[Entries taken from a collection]
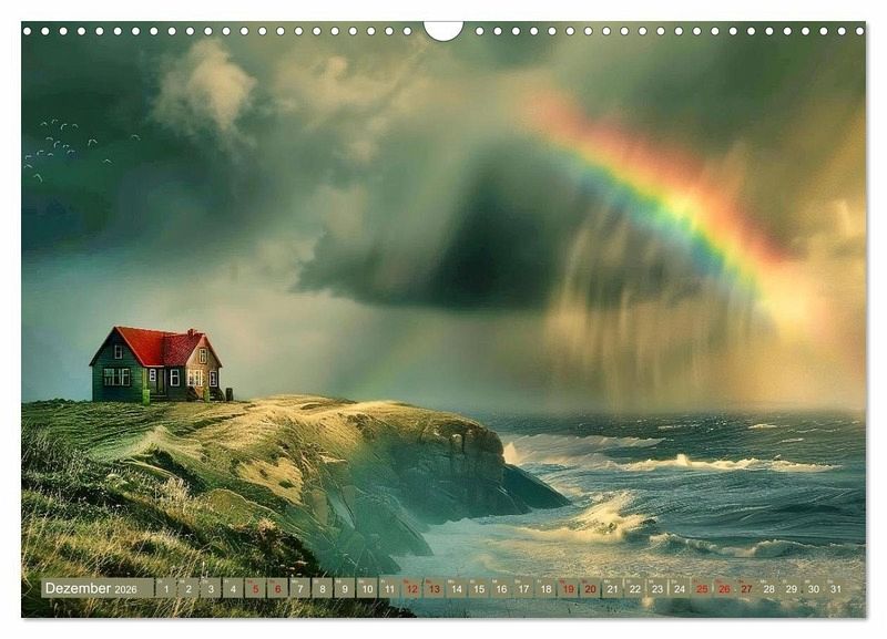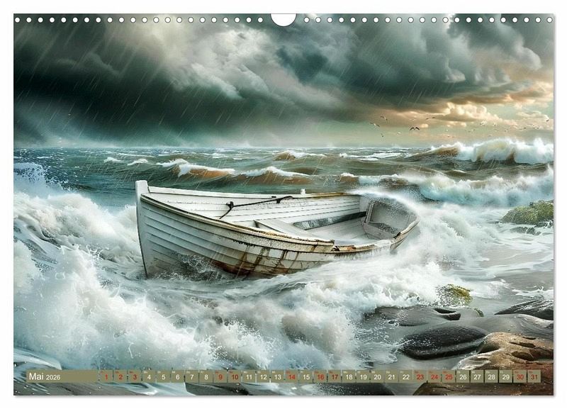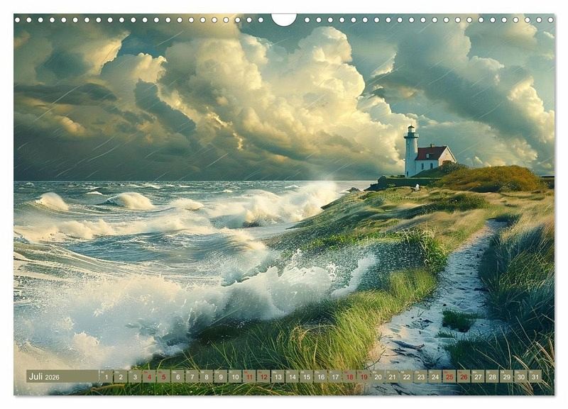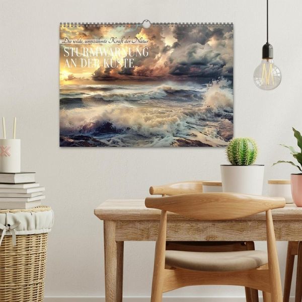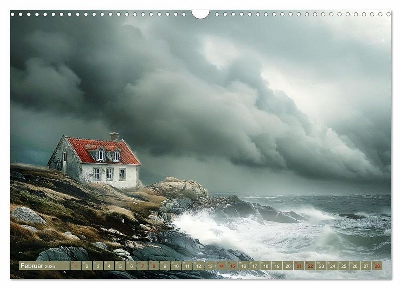 Entdecken Sie die ungestüme, raue Schönheit der Küstenlandschaften, die besonders während eines Sturms in ihrer ganzen Pracht zum Vorschein kommt. Die gewaltigen Wellen, die gegen die Küstenlinie schlagen, der starke Wind, der über das Land fegt, und der dunkle, wolkenverhangene Himmel, sind ein beeindruckendes Naturschauspiel. Es ist eine Erinnerung an die ungezähmte Kraft der Natur, die sowohl furchteinflößend als auch faszinierend ist. Ideal für Liebhaber der Meereslandschaften, Kunstbegeisterte und alle, die das Besondere suchen. Lassen Sie sich Monat für Monat von der Kreativität einer KI inspirieren und finden Sie Ruhe in den stürmischen Zeiten.
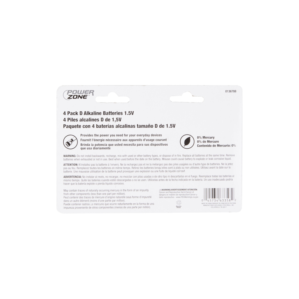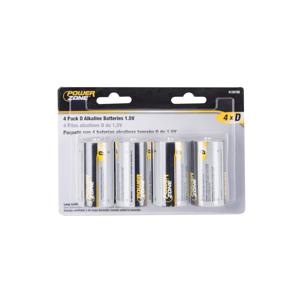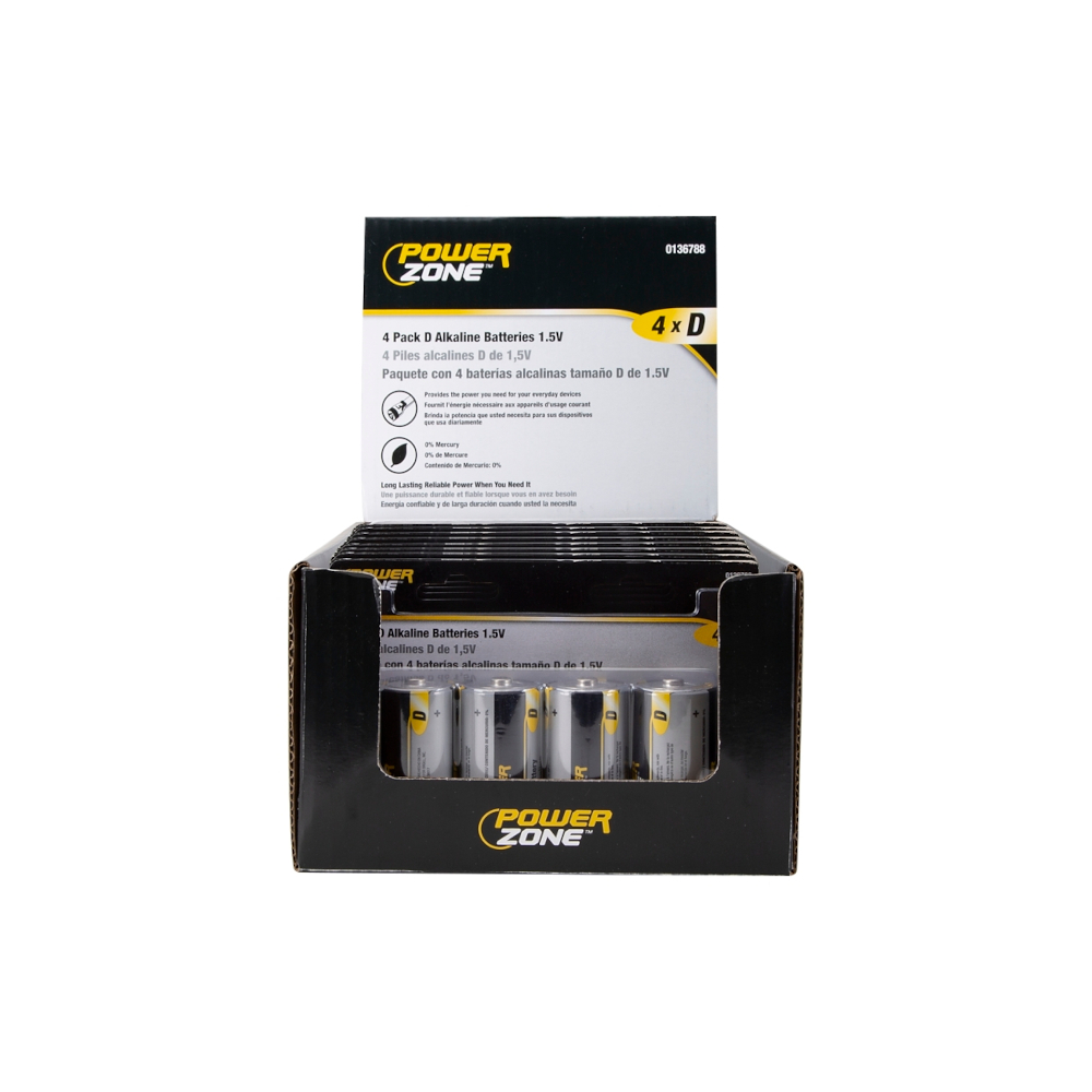 PowerZone LR20-4P-DB Battery, 1.5 V Battery, D Battery, Zinc, Manganese Dioxide, and Potassium Hydroxide
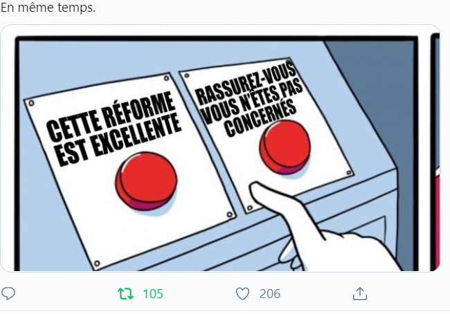 D'autres, partout, souligneront les coutures trop visibles du beau tapis. Comment la "retraite minimum" de 1000 euros est un cadeau en trompe-l'œil. Comment les générations seront impactées non pas à partir de la "génération 75", mais de la génération 59. Comment se profile un chantage aux profs.
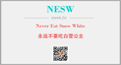 英文缩略词“NESW”经常作为“Never Eat Snow White”的英文缩写来使用,中文表示:“永远不要吃白雪公主”。本文将详细介绍英文缩写词NESW所代表英文单词,其对应的中文拼音、详细解释以及在英语中的流行度。此外,还有关于缩略词NESW的分类、应用领域及相关应用示例等。
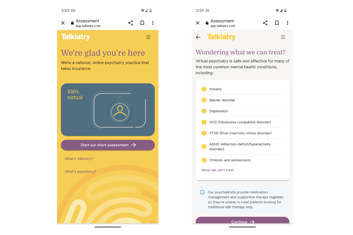 Online psychiatry is not right for everyone. If you are seeking psychiatric care for the first time, or if you are dealing with one of the listed conditions that Talkiatry does not treat, you should consider seeing a psychiatrist in person first for a full evaluation.
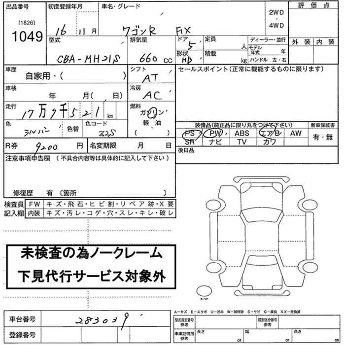 SUZUKI WAGON R 2004 г., лот № 1049
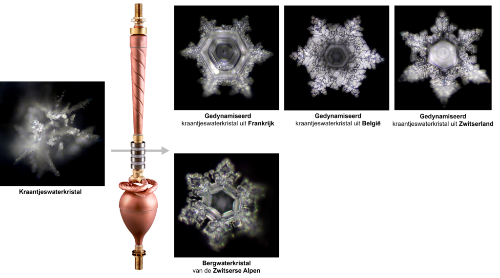 Vergelijking van een kristal van onbehandeld kraanwater> <3 kristallen van gedynamiseerd water uit 3 verschillende landen (Rhode St. Genèse in België, Brens in Frankrijk & Uttigen in Zwitserland): gedynamiseerd water geeft vaak prachtige zeshoekige waterkristallen die de uitdrukking kunnen zijn van de energie die het bevat!
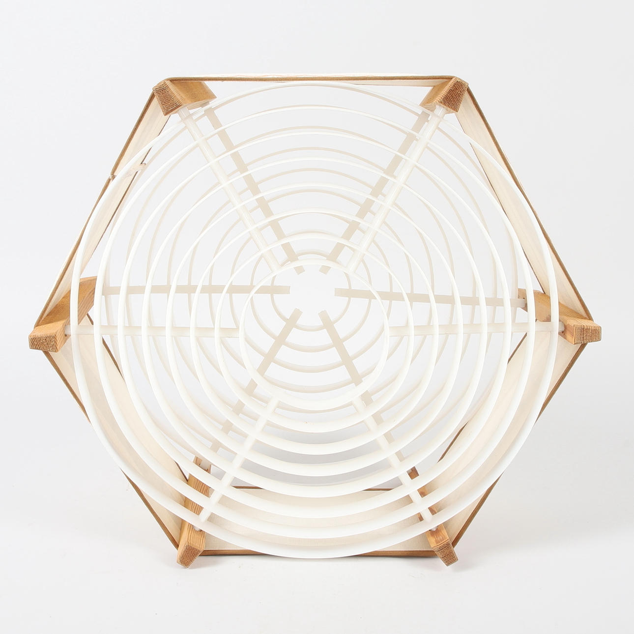 A lamp shade, pine, textile and plastic, 1960/70s.
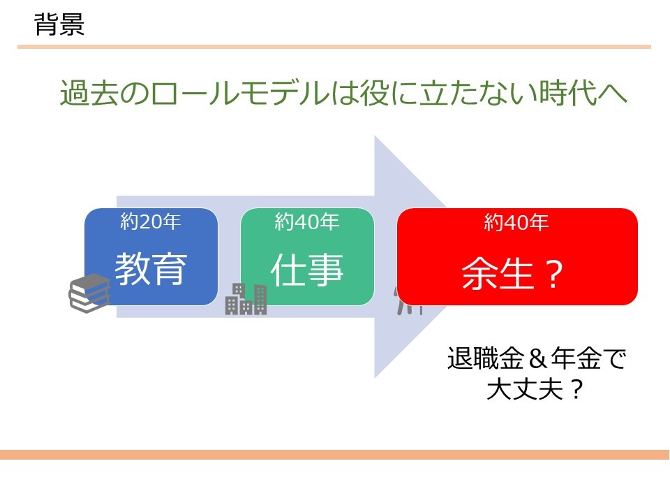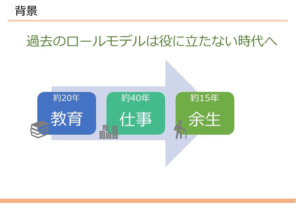また、大学教育で身につけたスキルが、40年ぐらいであれば、なんとかなった一世代前から、技術の進歩は早くなり、しかも仕事自体を60年70年としていく中で、一つの技術では、到底役に立たなくなってくるのではないでしょうか?
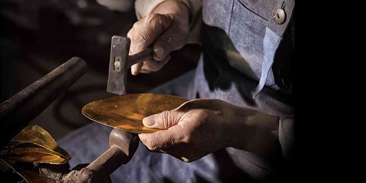 『眼、手、心』配合,全神貫注,用錘具手工敲擊金片成型,敲成形制標(biāo)準(zhǔn),器型規(guī)整,薄厚均勻。
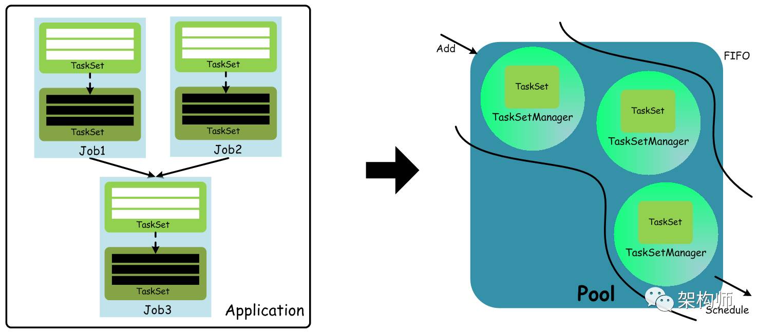 基于Stage可以直接映射为TaskSet,一个TaskSet封装了一次需要运算的、具有相同处理逻辑的Task,这些Task可以并行计算,粗粒度的调度是以TaskSet为单位的。
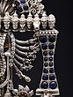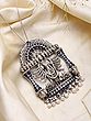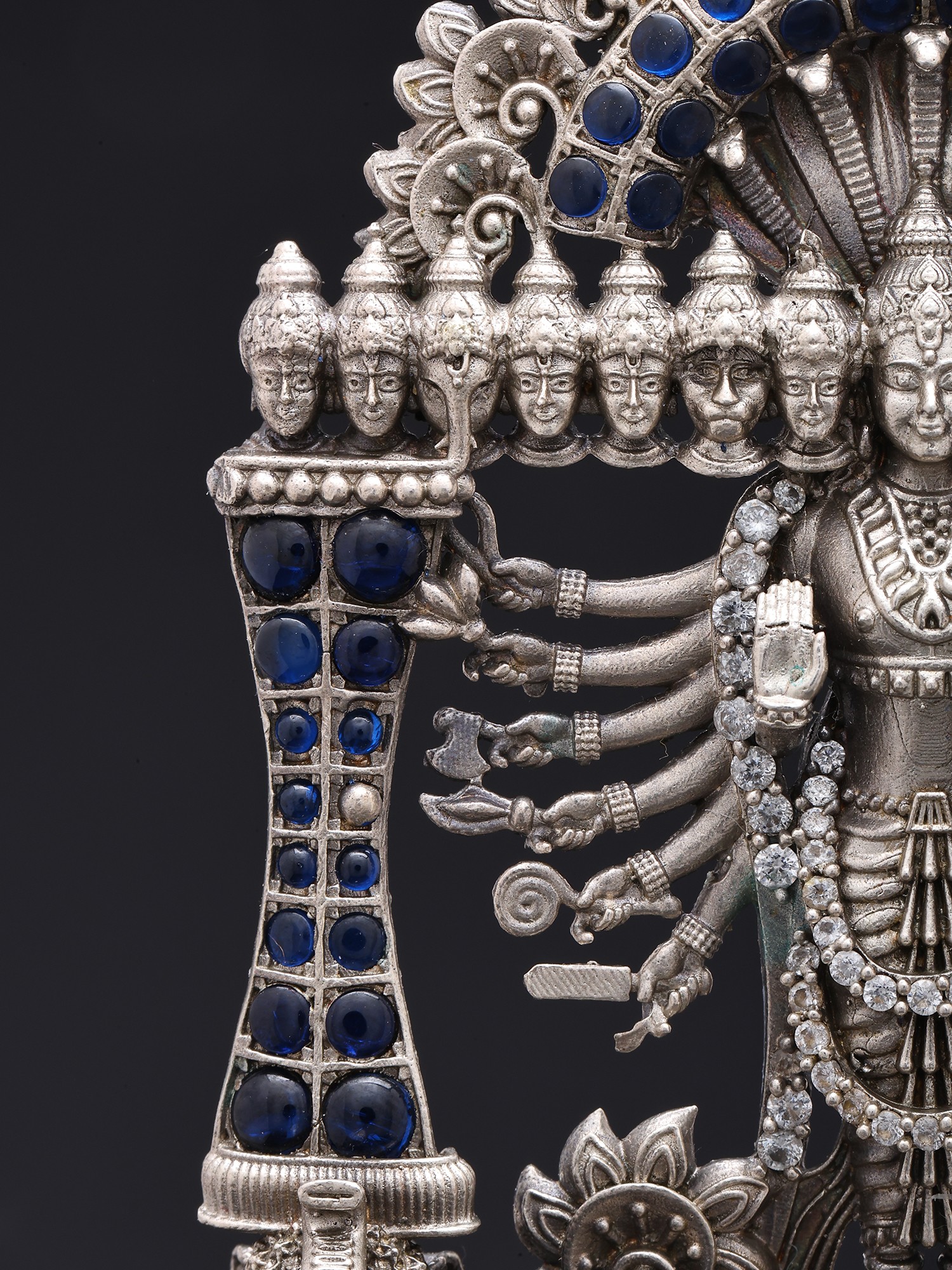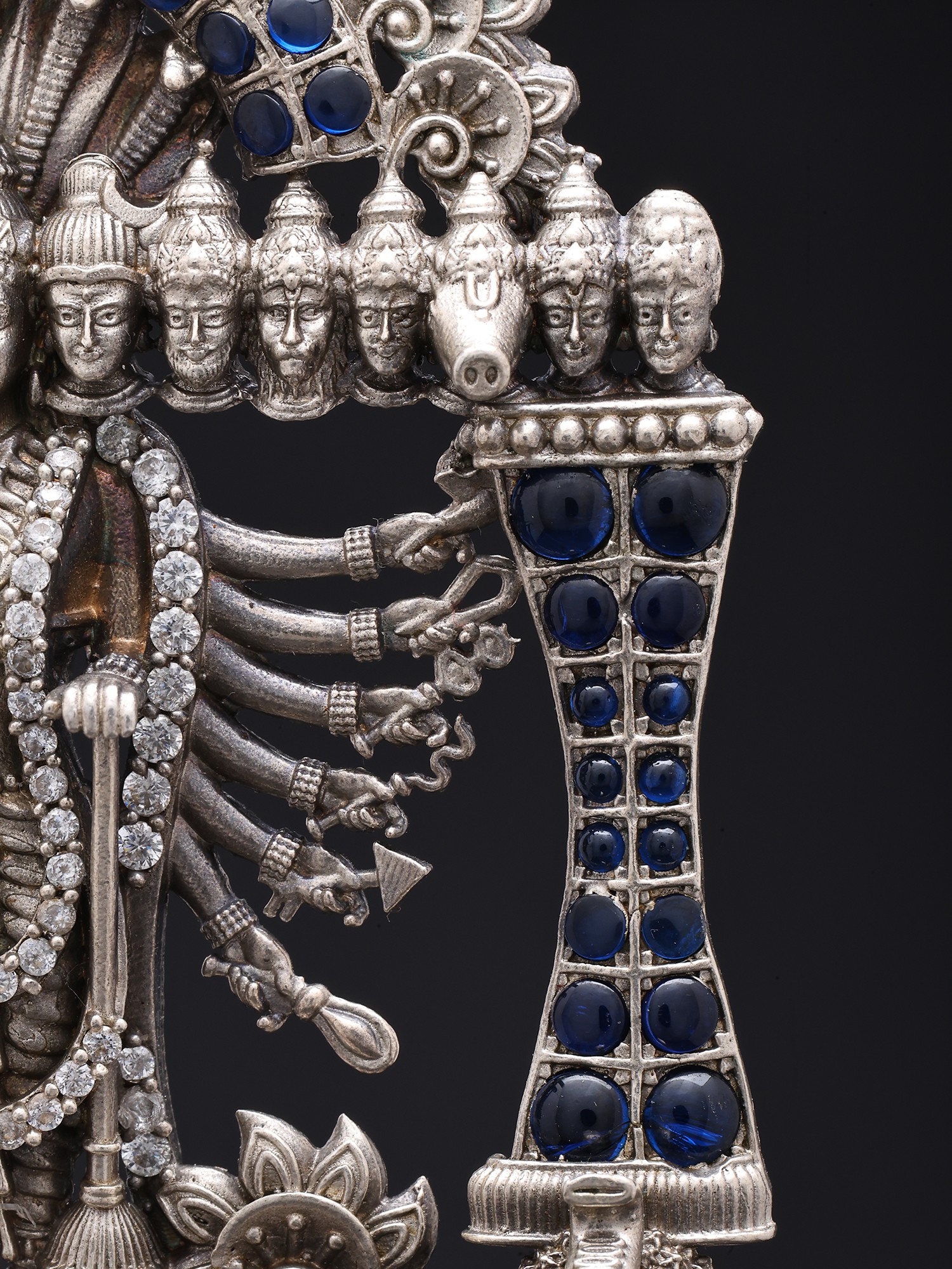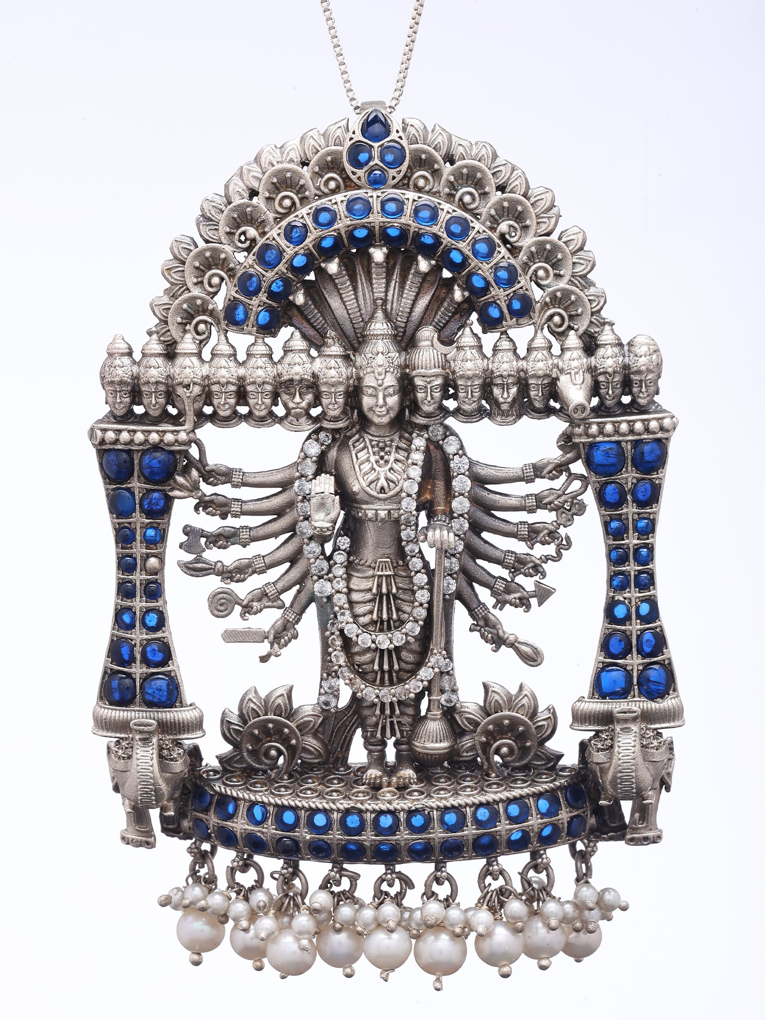 This magnificent pendant showcases the divine form of Lord Vishnu, depicted with his myriad arms, each holding symbolic weaponry or gestures. The surrounding arc, embellished with vibrant blue stones that capture the light with every movement, evokes the celestial realms from which the divine emanates. Delicate pearls cascade from the base, adding a touch of luminous grace.

**Work item**
Would you output only the span of the records above that opens with the line containing "Online psychiatry is" and closes with the line containing "SUZUKI WAGON R 2004 г., лот № 1049", ends included and pictures dropped?

**Task solution**
 Online psychiatry is not right for everyone. If you are seeking psychiatric care for the first time, or if you are dealing with one of the listed conditions that Talkiatry does not treat, you should consider seeing a psychiatrist in person first for a full evaluation.
 SUZUKI WAGON R 2004 г., лот № 1049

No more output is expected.